- _To do_: Could you copy each line of the entries that contains "with"?

- _Records shown_:
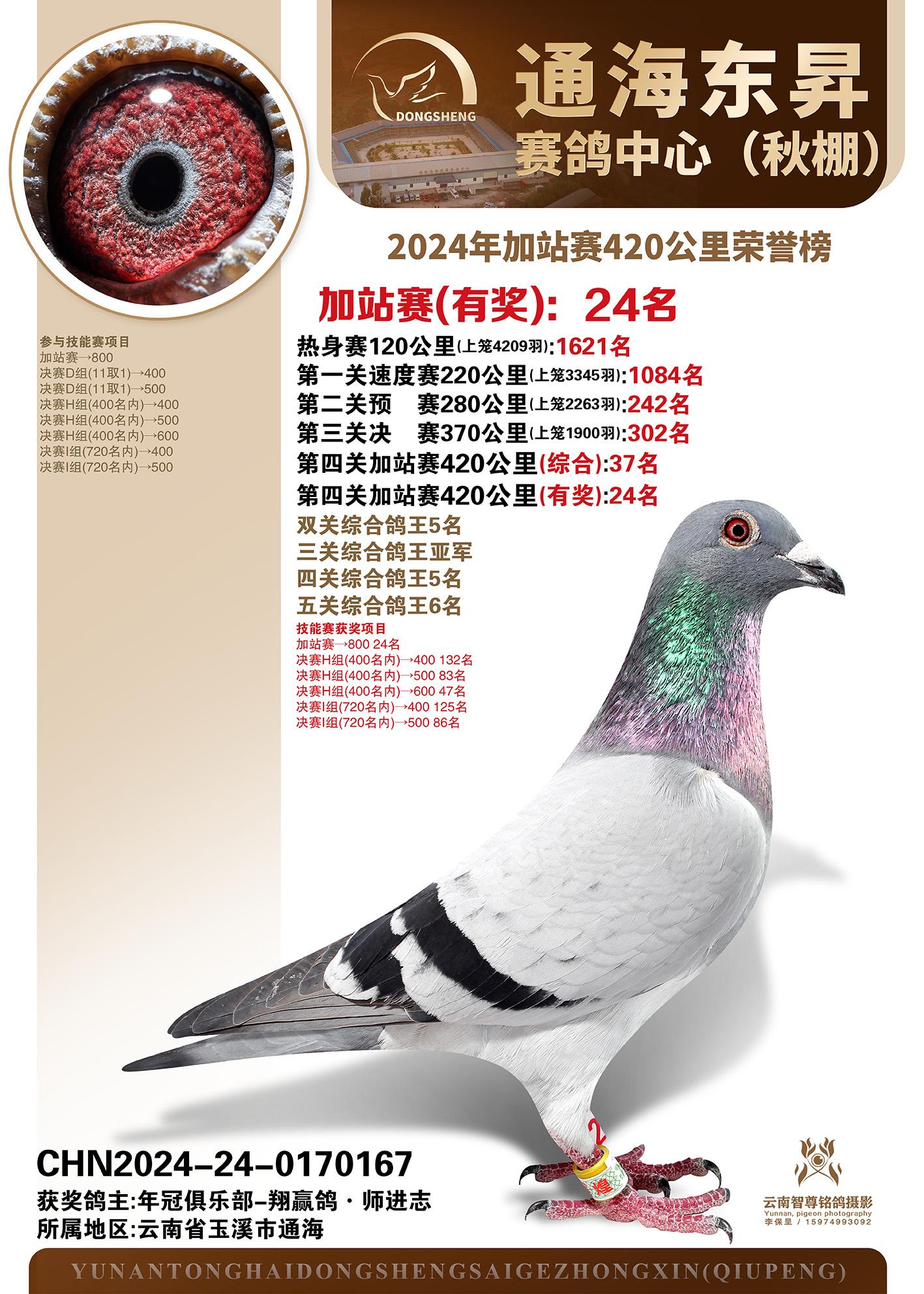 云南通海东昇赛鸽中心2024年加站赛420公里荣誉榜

* * *

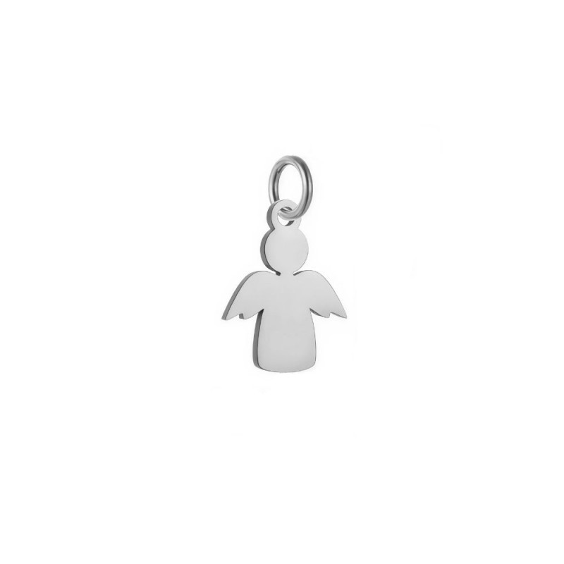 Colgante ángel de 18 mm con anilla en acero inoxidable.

---

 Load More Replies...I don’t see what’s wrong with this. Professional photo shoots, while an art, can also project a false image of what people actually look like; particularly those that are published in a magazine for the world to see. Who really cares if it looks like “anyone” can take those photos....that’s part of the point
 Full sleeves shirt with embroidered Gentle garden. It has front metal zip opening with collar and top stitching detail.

- _Problem solution_:
 Load More Replies...I don’t see what’s wrong with this. Professional photo shoots, while an art, can also project a false image of what people actually look like; particularly those that are published in a magazine for the world to see. Who really cares if it looks like “anyone” can take those photos....that’s part of the point
 Full sleeves shirt with embroidered Gentle garden. It has front metal zip opening with collar and top stitching detail.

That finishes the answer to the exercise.